15 questions with… The Maghreban
With three decades of production in many different genres under his belt, Ayman Rostom’s latest album, Connection, could be described as ‘a bit of a melting pot’ of different styles. But with praise from Pitchfork, The Quietus and Resident Advisor, plus fans including Ben UFO, Benji B and The Horrors, it might well be a candidate for dance album of 2022…
Ayman Rostom has been making music with a computer for donkeys’ years, adopting an early Mac and never looking back. He’s worked under several aliases to make music in different styles over the past three decades (jazz, hip-hop and more), but his The Maghreban moniker has garnered the most attention, with its genre-bending idiosyncrasies. Here he delivers a lesson in mixing styles, influences and technology with top advice to turn what might just be ‘pissing around’ with software into one of the albums of 2022.
1
How did you start out in music production in the first place?
Ayman Rostom: “I’ve been making music for a while under different names and in different genres. Under my own first name, Ayman, with my first jungle records in the ’90s, then as Doctor Zygote making hip-hop in the ’00s and as part of Strange U (a long time collaboration with rapper King Kashmere); and more recently as The Maghreban, my dance music project. I grew up in Guildford, which is near enough to London to benefit from some of the cultural stuff seeping out, but far enough away to have its own thing going on. An older brother and his friends helped funnel some of that stuff in my direction. A load of ’80s pop, watching Breakin’, The Cure, getting into some metal at the same time as being switched on to NWA and Public Enemy, The Pixies at the same time as Colin Dale on Kiss FM. We started recording pirate radio and then got some turntables and a mixer in 1991 and didn’t look back. It evolved from hardcore into jungle, then drum&bass, and later on I got big into hip-hop.”
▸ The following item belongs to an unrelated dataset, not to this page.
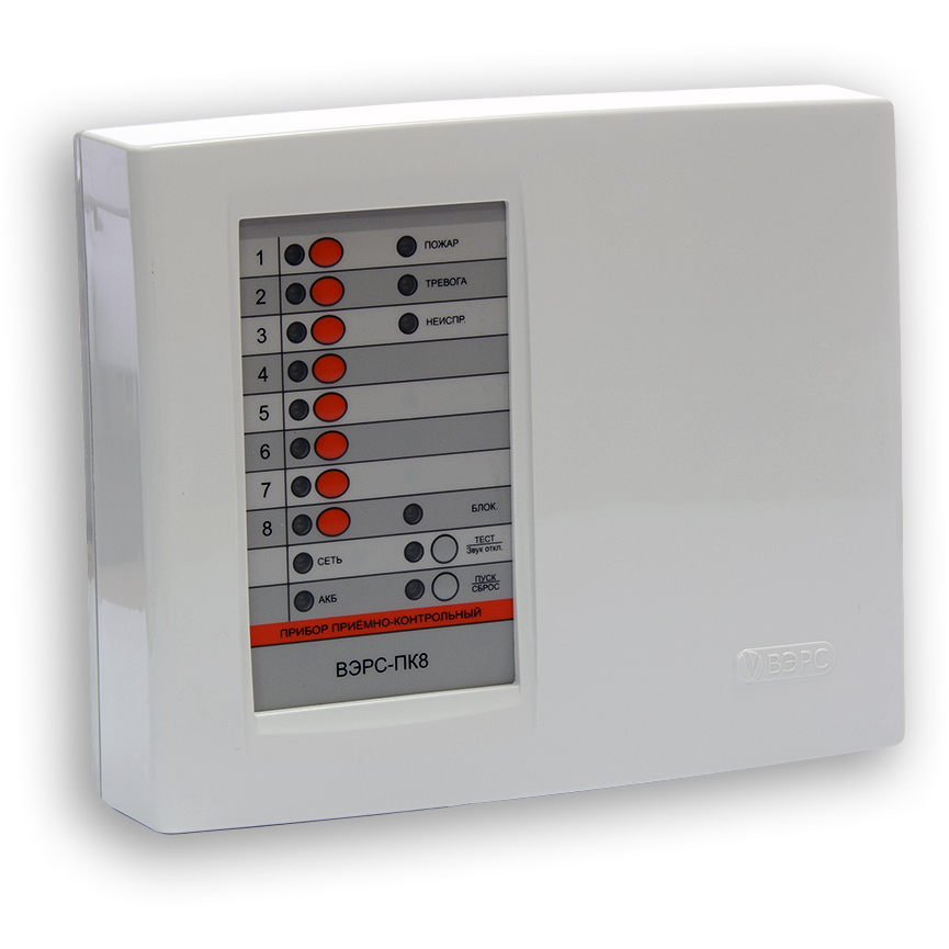 Прибор приемно-контрольный охранно-пожарный 8 ШС (охранные, пожарные, технологические), 3 реле ПЦН, выходы ОК с током нагрузки до 1А с контролем линий оповещения, вход ТМ, RS-485, встроенный регистратор событий, конфигурирование с помощью ВЭРС-ПК Prog, напряжение питания 220 В, вход внешнего РИП, под АКБ 12 В /4,5 Ач, пластиковый корпус, считыватель ТМ в комплекте.

“My general approach is to piss around, and to try to do something every day”
2 When and how would you say you became successful, or at least able to make a living from music?
AR: “Around 2013/14, a few things converged for me that felt like it crystalised something. I’d just had an album of library music out on Black Acre, with no samples in it, where I recorded everything myself (as Grupo Zygote). I was dropping Strange U material with King Kashmere on Eglo records, and I’d started putting stuff out as The Maghreban and it was moving. It’s not always a living, but when it is it’s a blessing.”